Business & Finance
Bank of Japan set to raise rates to 31-year high, vow further increases
Key Points
Bank of Japan set to raise rates to 31-year high, vow further increases TOKYO, June 16 : The Bank of Japan is set to raise interest rates to a 31-year high on Tuesday, marking another landmark step in normalising monetary policy as it focuses on taming price pressures from the energy shock caused by the Iran war. The decision would mark a more aggressive approach by the BOJ in dismantling the remnants of the radical stimulus of Governor Kazuo Ueda's predecessor and another step in becoming a...
Bank of Japan set to raise rates to 31-year high, vow further increases
TOKYO, June 16 : The Bank of Japan is set to raise interest rates to a 31-year high on Tuesday, marking another landmark step in normalising monetary policy as it focuses on taming price pressures from the energy shock caused by the Iran war.
The decision would mark a more aggressive approach by the BOJ in dismantling the remnants of the radical stimulus of Governor Kazuo Ueda's predecessor and another step in becoming a more conventional central bank that prioritises fighting inflation.
All eyes will be on how the peace deal between the U.S. and Iran, which could ease global inflationary pressures, affects the BOJ's communication on the pace and timing of further interest rate hikes.
Deputy Governor Shinichi Uchida will hold a press briefing after the meeting, which Ueda will miss for a two-week treatment in hospital for an infected liver cyst. Ueda will not vote, leaving the decision in the hands of eight board members - seen mostly in favour of a rate hike.
Uchida is likely to reiterate the BOJ's resolve to continue raising rates, but avoid giving explicit hints on the next rate-hike timing given lingering uncertainty over the Middle East, the central bank's former top economist Seisaku Kameda said.

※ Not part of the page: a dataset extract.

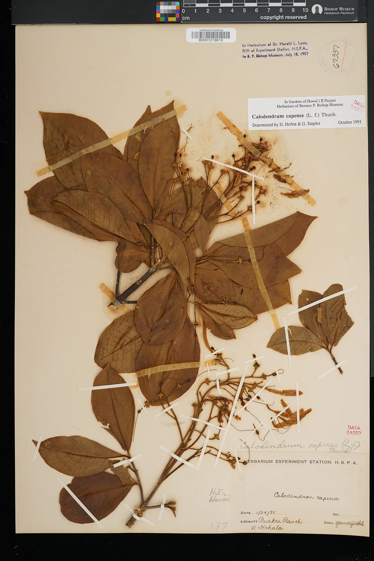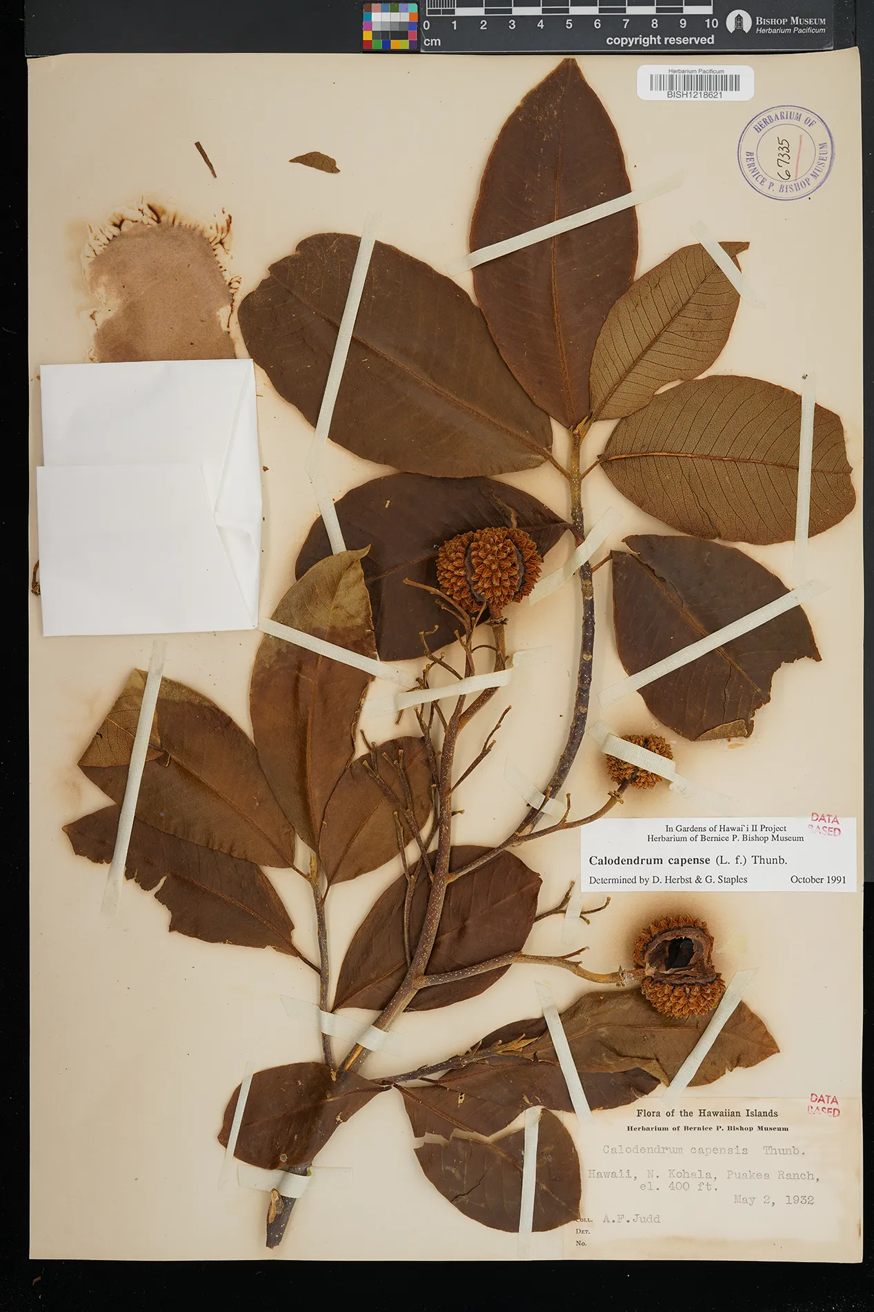 | 8 | Calodendrum capense | (L.f.) Thunb. | north kohala district: puakea ranch | PRESERVED_SPECIMEN | yamayoshi | collector number: 137 | Hawaii | BISH | 1/1/1931 |

"Uchida is good at communicating with constructive ambiguity. With so much uncertainty over the outlook, he will signal the BOJ's readiness to respond nimbly," Kameda said, predicting a hike in June and then another in October-December.
WEAK YEN PRESSURE
At the two-day meeting ending on Tuesday, the BOJ is widely expected to raise its short-term policy rate to 1 per cent from 0.75 per cent, taking borrowing costs to levels unseen since 1995.
The hike would be the first since December and align the BOJ with other central banks shifting towards tighter policy to combat inflation, including the European Central Bank.
The Middle East conflict has complicated the BOJ's policy path by adding inflationary pressure through higher oil costs, while hurting an economy heavily reliant on imported fuel.
The BOJ kept policy steady at its previous meeting in April but sharply revised up its price forecasts and stressed its vigilance to the risk of an inflation overshoot. Three of its nine board members proposed a hike to 1 per cent.
A flurry of hawkish BOJ signals since then have led markets to almost fully price in the chance of a June rate increase. A Reuters poll showed economists projecting the BOJ to raise rates to 1.25 per cent in the fourth quarter after a hike in June to 1 per cent.
While government subsidies have kept core consumer inflation below the BOJ's 2 per cent target, analysts expect price pressures to broaden with wholesale inflation spiking to a 3-year high of 6.3 per cent in May.
A weak yen, which pushes up import prices and broader inflation, will also keep the BOJ under pressure to stay on course for further rate hikes, analysts say.